Named failure modes of this method

Cynicism spiral: Doubting everything equally instead of prioritizing claims that matter. Fix: focus skepticism on claims that drive decisions, not background context.
Demanding impossible proof: Requiring RCT-level evidence for reasonable engineering judgment. Fix: calibrate evidence expectations to the claim's impact—high-stakes claims need strong evidence, low-stakes claims need plausibility.
Missing the forest: Grading individual claims without assessing whether the overall argument holds even if some claims are weak.

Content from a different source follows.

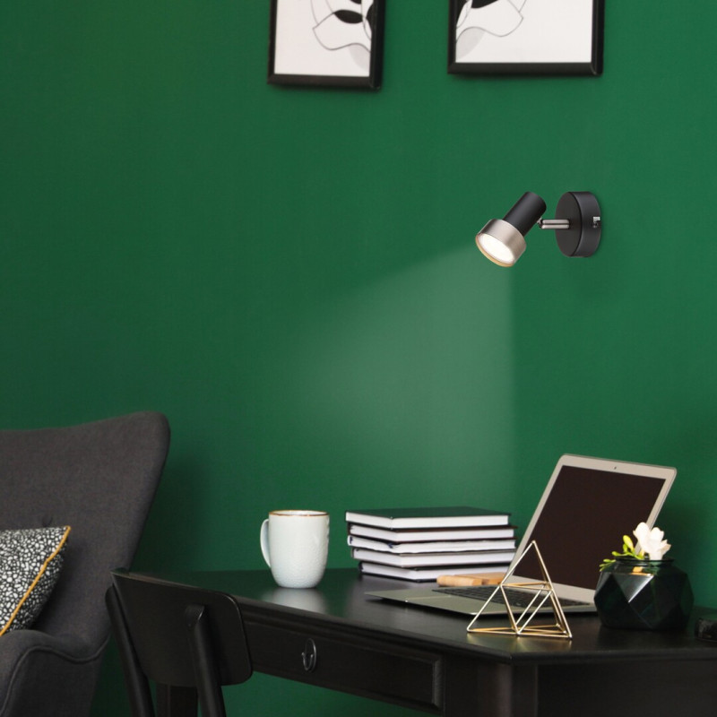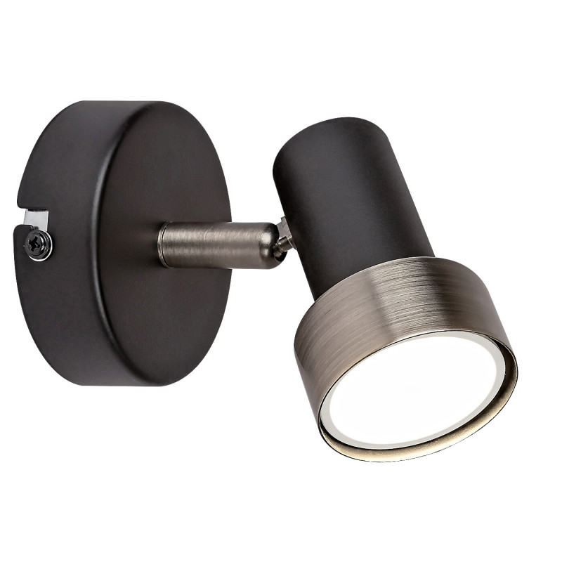Spotul de perete unic Konrad, în stil industrial, este recomandat în primul rând pentru camera de zi sau dormitor. Modelul negru mat, realizat integral din metal, este completat de un abajur argintiu și poate fi fixat pe perete cu ajutorul unei baze decorative rotunde. Datorită capului de lampă flexibil, puteți direcționa lumina acesteia după preferințe. Konrad poate fi folosit cu o singură sursă de lumină cu o putere de până la 50 W, tip soclu GU10. În funcție de gustul Dvs. și de locul de instalare, puteți alege o sursă de lumină albă caldă sau naturală. Dacă doriți să folosiți lampa în dormitor, se recomandă utilizarea unei surse de lumină albă caldă pentru a facilita crearea unei atmosfere intime și familiale. Dimensiunile spotului de perete Konrad sunt următoarele: înălțime 115 mm, diametru 55 mm, distanța față de perete 115 mm, diametru de instalare 80 mm. Acest model se livrează fără sursă de lumină.

Fix: always include the overall credibility assessment.
Style policing: Flagging vague language when the underlying claim is actually well-supported elsewhere. Fix: check whether evidence exists before flagging weak phrasing.
Confirmation bias in review: Only challenging claims you disagree with while accepting others at face value. Fix: grade every claim, including ones that feel obviously true.

References

Kahneman, D. (2011). Thinking, Fast and Slow — cognitive biases in judgment
RFC 7282 (https://www.rfc-editor.org/rfc/rfc7282.html) — on consensus and objection handling in technical review
Tetlock, P. (2015). Superforecasting — calibrating confidence to evidence
Sagan, C. "Extraordinary claims require extraordinary evidence" — evidence proportionality principle

Failure handling

If the document is too short to contain meaningful claims, say so rather than manufacturing doubt.
If all claims are well-supported, report that the skeptic pass found high credibility—do not force criticism.
If the document is a brainstorm or early draft, adjust evidence expectations downward and note that a full skeptic pass requires a more developed proposal.